■ **WORK TO COMPLETE**: Only the lines running from the line with "Discover our curated" to the end of the listing below should be copied, exactly, without pictures.
========================================
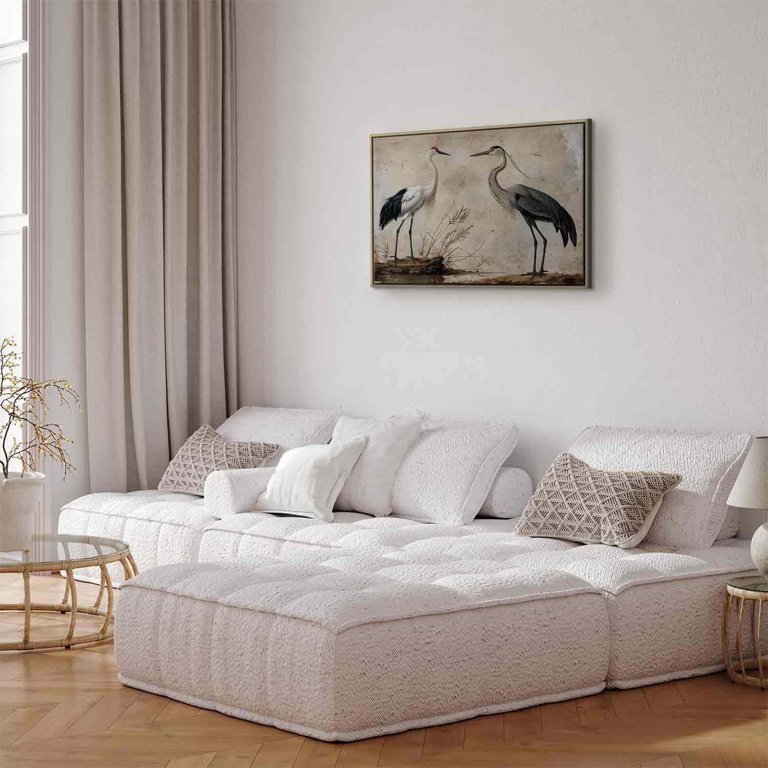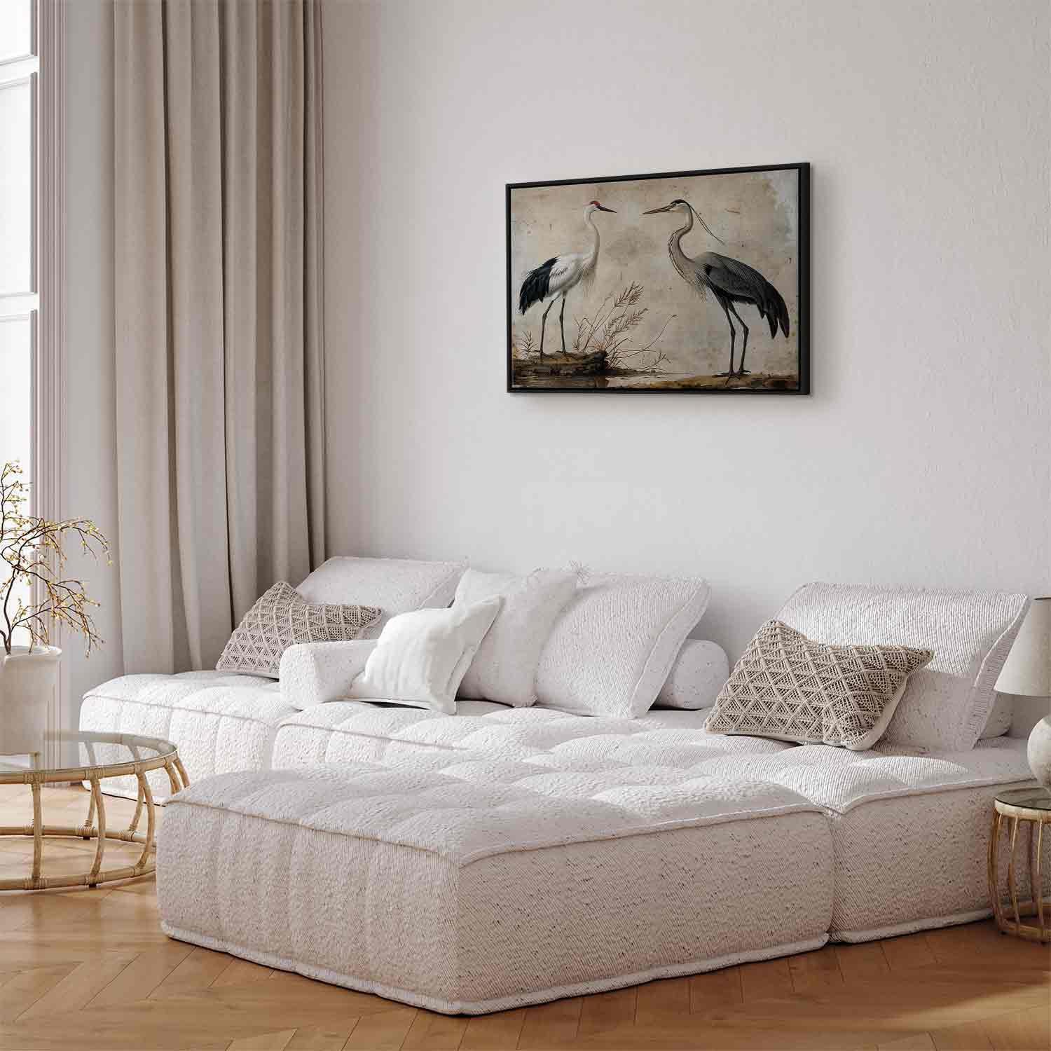 Unsere Bilder sind sicher und geruchsneutral und eignen sich daher ideal für Kinderzimmer. Die Größe wird Ihr Kind sicher beeindrucken! Bilder für Schlafzimmer sind ein echter Blickfang, genauso wie Bilder Wohnzimmer. Dekorieren Sie die Wände in Ihrem privaten Bereich mit einem Bild "Leinwandbild - Birds from an old engraving - vintage-style illustration depicting a heron and a crane". Wir empfehlen Bilder für Schlafzimmer , die Sie beruhigen und in eine erholsame Stimmung versetzen. Bilder aus unserer Kollektion werden Ihrem Interieur eine außergewöhnliche Atmosphäre verleihen. Unabhängig vom Raum schaffen auch Kunst Bilder eine gemütliche Atmosphäre für die Gäste. Massive Holzrahmen unterstreichen den einzigartigen Charakter der Schlafzimmerbilder, und ein schneller und sicherer Versand ist ein weiterer Vorteil, der für diese Wanddekorationen spricht Leinwandbilder sind in fünf Varianten erhältlich, sodass jeder Kunde die perfekte Option für seine Bedürfnisse findet.Die Variante auf Strukturleinwand (Standard) ist eine universelle Dekoration, die das Haushaltsbudget nicht belastet.Für Liebhaber edler Materialien ist ein Druck auf italienischer Leinwand aus 100 % Baumwolle die ideale Wahl.Und für Fans der Malerei? Hier überzeugt die außergewöhnliche Premium-Print-Technik – ein Bild, das auf Strukturleinwand gedruckt und von Hand mit einer Schicht transparenten Gels überzogen wird, die die Pinselstriche eines Künstlers imitiert – ein „wie gemalt“-Effekt, aber zu einem günstigeren Preis.Die Variante im soliden Holzrahmen des Typs American Box mit Tiefeneffekt (zwei Rahmenfarben zur Auswahl, Motiv auf Strukturleinwand gedruckt) bietet eine klassische Lösung in neuer Form.Das Akustikbild (Druck auf Strukturleinwand mit einer zusätzlichen Schicht schallabsorbierendem Schaumstoff) ist dagegen ein Volltreffer für alle, die Ästhetik mit Funktionalität verbinden möchten.Zwar sind die beiden letzten Optionen nur für bestimmte Größen von einteiligen Bildern verfügbar, doch bei allen Varianten legen wir GRATIS die erforderliche Anzahl an Haken und Nägeln zur Montage bei.
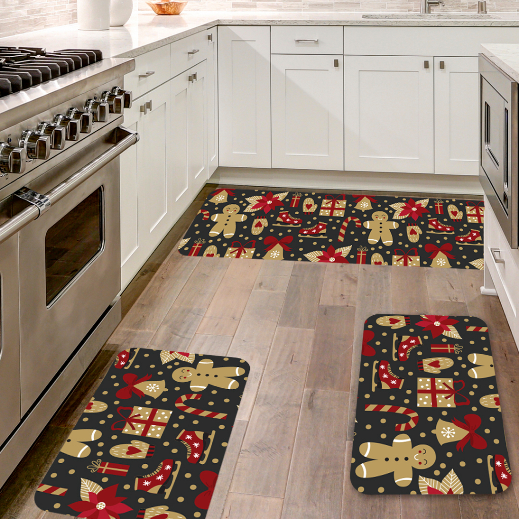 Kit Jogo 3 Peças de Tapete para Cozinha NATAL Docinho Biscoito Antiderrapante Dcorô
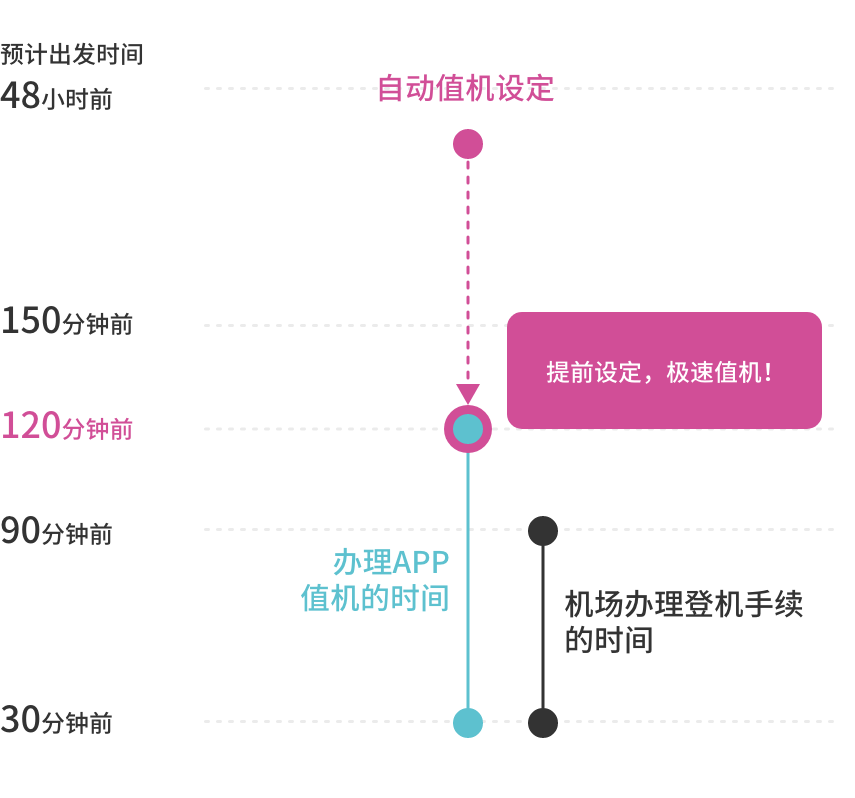 这是APP专属功能,可在预计出发时间前 48 小时进行设定,届时APP会自动提前 120 分钟完成值机手续。
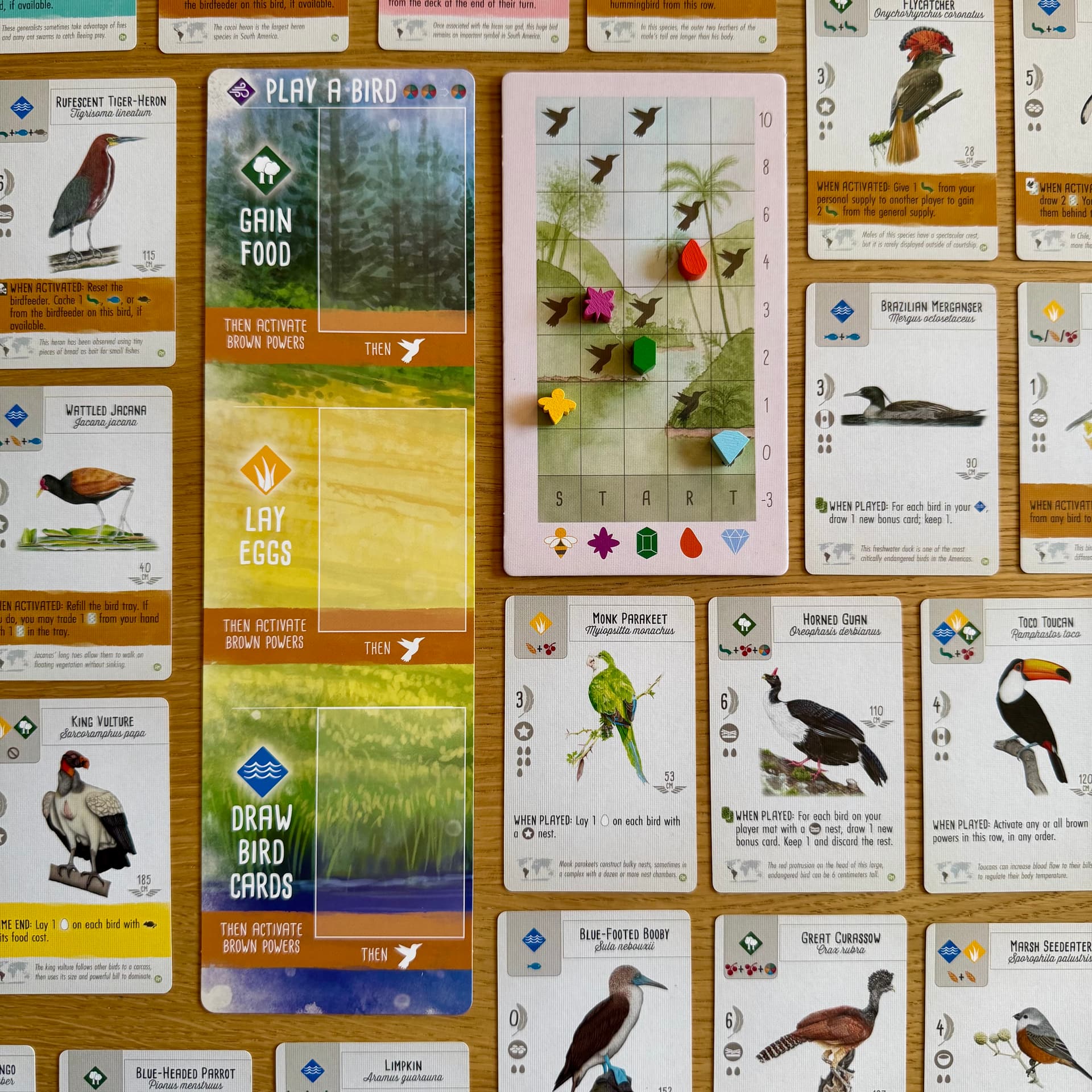 Pour les nouvelles cartes oiseaux, c’est un peu la même chose, ils sont nombreux à offrir des ressources et/ou cartes par des tours de passe-passe. Pendant nos parties on a constaté que la gestion de la nourriture et des cartes était moins tendue. Parfois même on finissait par être plutôt à l’aise si on avait bien maximisé nos actions et nos colibris. Pas d’effet de facilité non plus, il a fallu réfléchir à nos enchaînements.
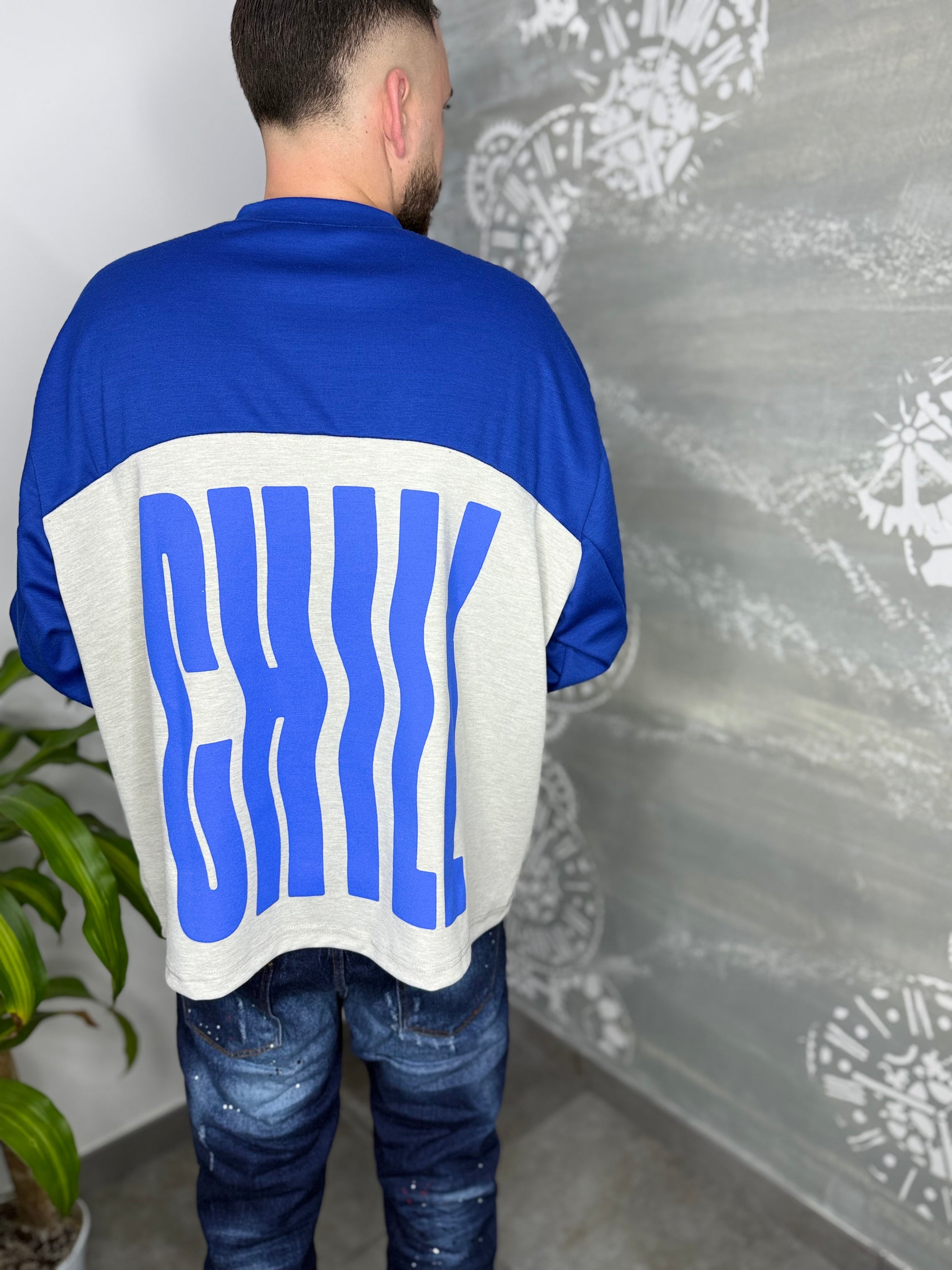 Shirt macniche lunghe bicolore con polsino sulle maniche, stampa sul retro.
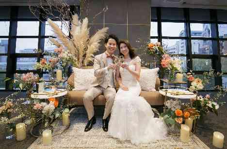 ウェルカムスペースには「笑顔のお二人」が溢れるオリーブの木。日々を大切に想うお二人の気持ちが伝わるような温かさを感じます。パーティ会場のメインソファは白樺の木とパンパスグラスのボリューム感が印象的なコーディネート。ピンク・アプリコットをアクセントに白基調でまとめられた優しい空間です。「アットホームに楽しく過ごせる結婚式」所々に散りばめられた感謝のおもてなしや演出で笑顔あふれる一日をご紹介します。
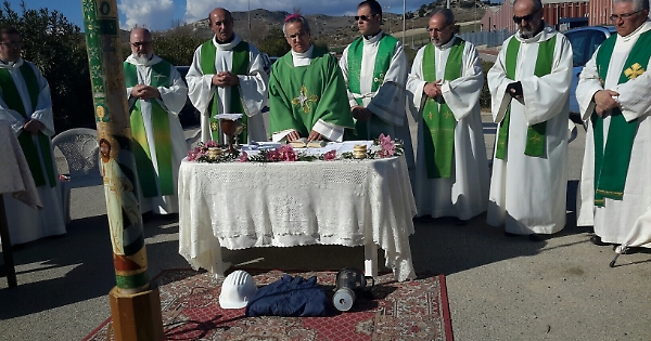 Il clero gelese a mezzogiorno si è ritrovato lungo la strada statale per Catania, nei pressi dell'’Enimed, per celebrare messa con gli operai dell’indotto della raffineria. A celebrare messa è stato il vescovo della diocesi di Piazza Armerina mons. Rosario Gisana.
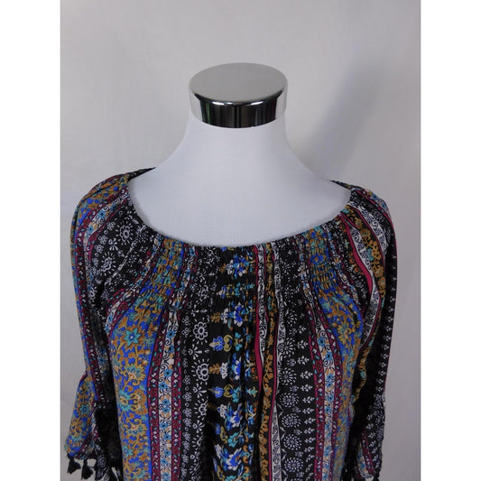 Westport Black Multicolor Boho Peasant Top XS - Bell Sleeve Tassel - Excellent
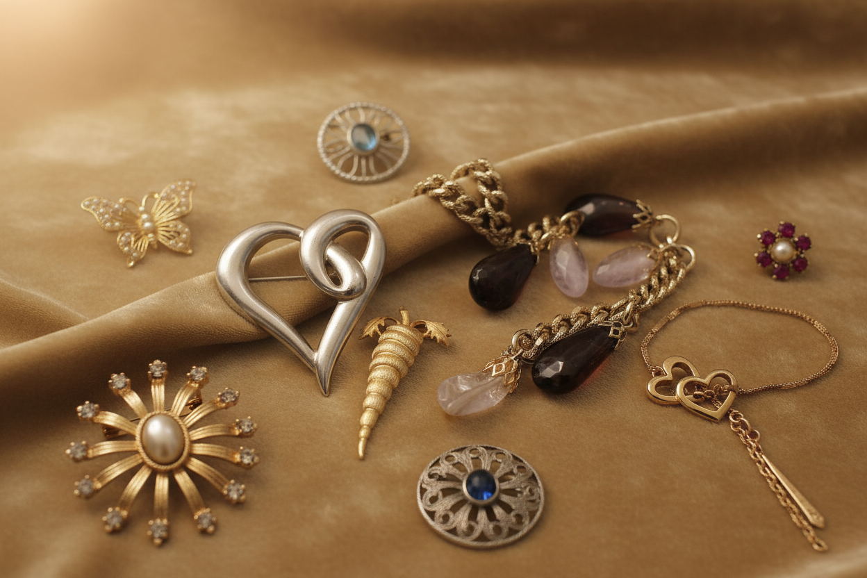 Discover our curated collection of authentic vintage jewelry. From elegant brooches and...
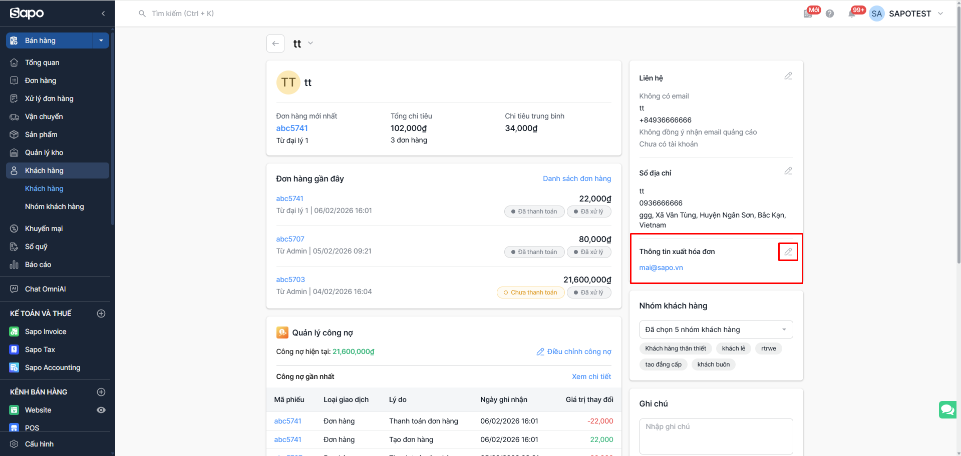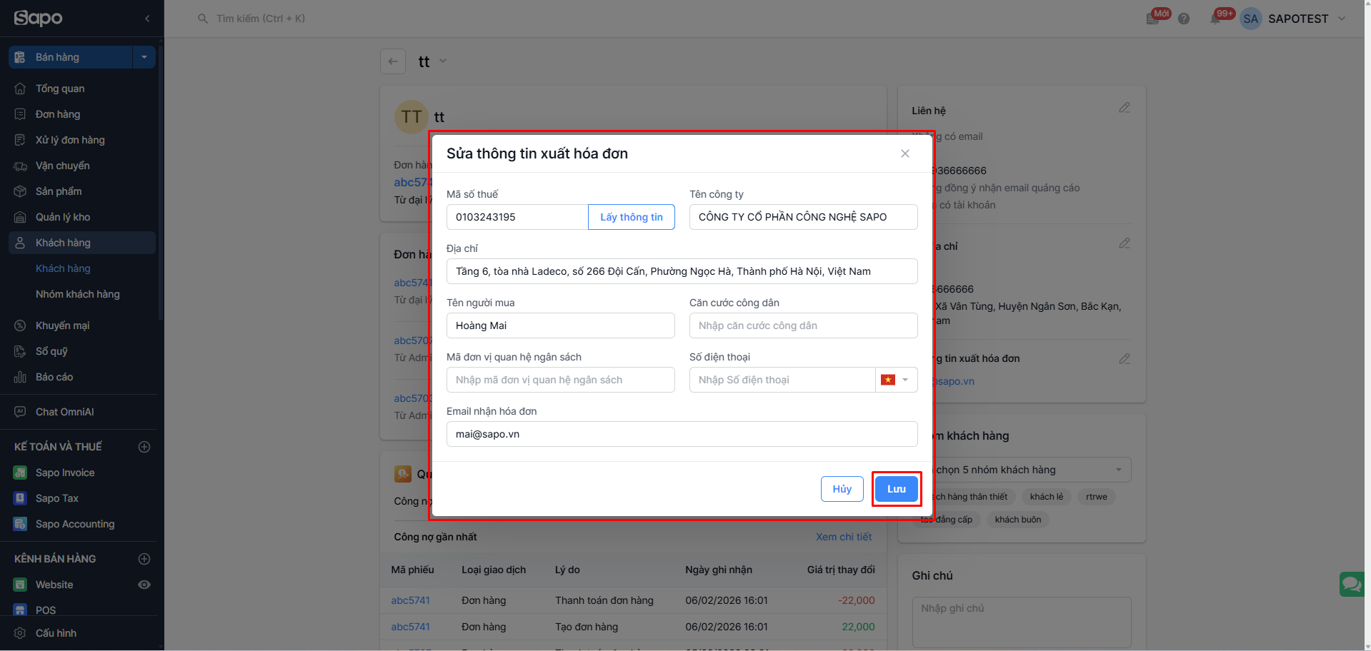 - Trên màn Sửa thông tin khách hàng, xem và điều chỉnh lại các thông tin:
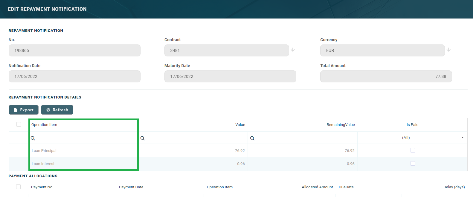 If a repayment notification is not linked to a contract, then Loan Management takes the operation item value from the allocation method configured within the
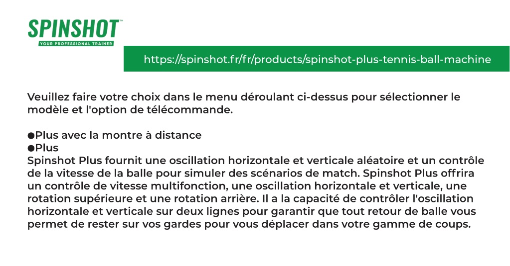 https://spinshot.fr/fr/products/spinshot-plus-tennis-ball-machinehttps://spinshot.fr/fr/products/spinshot-plus-tennis-ball-machine Veuillez faire votre choix dans le menu déroulant ci-dessus pour sélectionner le modèle et l'option de télécommande. .Plus avec la montre à distance .Plus Spinshot Plus fournit une oscillation horizontale et verticale aléatoire et un contrôle de la vitesse de la balle pour simuler des scénarios de match. Spinshot Plus offrira un contrôle de vitesse multifonction, une oscillation horizontale et verticale, une rotation supérieure et une rotation arrière. Il a la capacité de contrôler l'oscillation horizontale et verticale sur deux lignes pour garantir que tout retour de balle vous permet de rester sur vos gardes pour vous déplacer dans votre gamme de coups.
========================================
■ **TASK OUTPUT**:
 Discover our curated collection of authentic vintage jewelry. From elegant brooches and...
 - Trên màn Sửa thông tin khách hàng, xem và điều chỉnh lại các thông tin:
 If a repayment notification is not linked to a contract, then Loan Management takes the operation item value from the allocation method configured within the
 https://spinshot.fr/fr/products/spinshot-plus-tennis-ball-machinehttps://spinshot.fr/fr/products/spinshot-plus-tennis-ball-machine Veuillez faire votre choix dans le menu déroulant ci-dessus pour sélectionner le modèle et l'option de télécommande. .Plus avec la montre à distance .Plus Spinshot Plus fournit une oscillation horizontale et verticale aléatoire et un contrôle de la vitesse de la balle pour simuler des scénarios de match. Spinshot Plus offrira un contrôle de vitesse multifonction, une oscillation horizontale et verticale, une rotation supérieure et une rotation arrière. Il a la capacité de contrôler l'oscillation horizontale et verticale sur deux lignes pour garantir que tout retour de balle vous permet de rester sur vos gardes pour vous déplacer dans votre gamme de coups.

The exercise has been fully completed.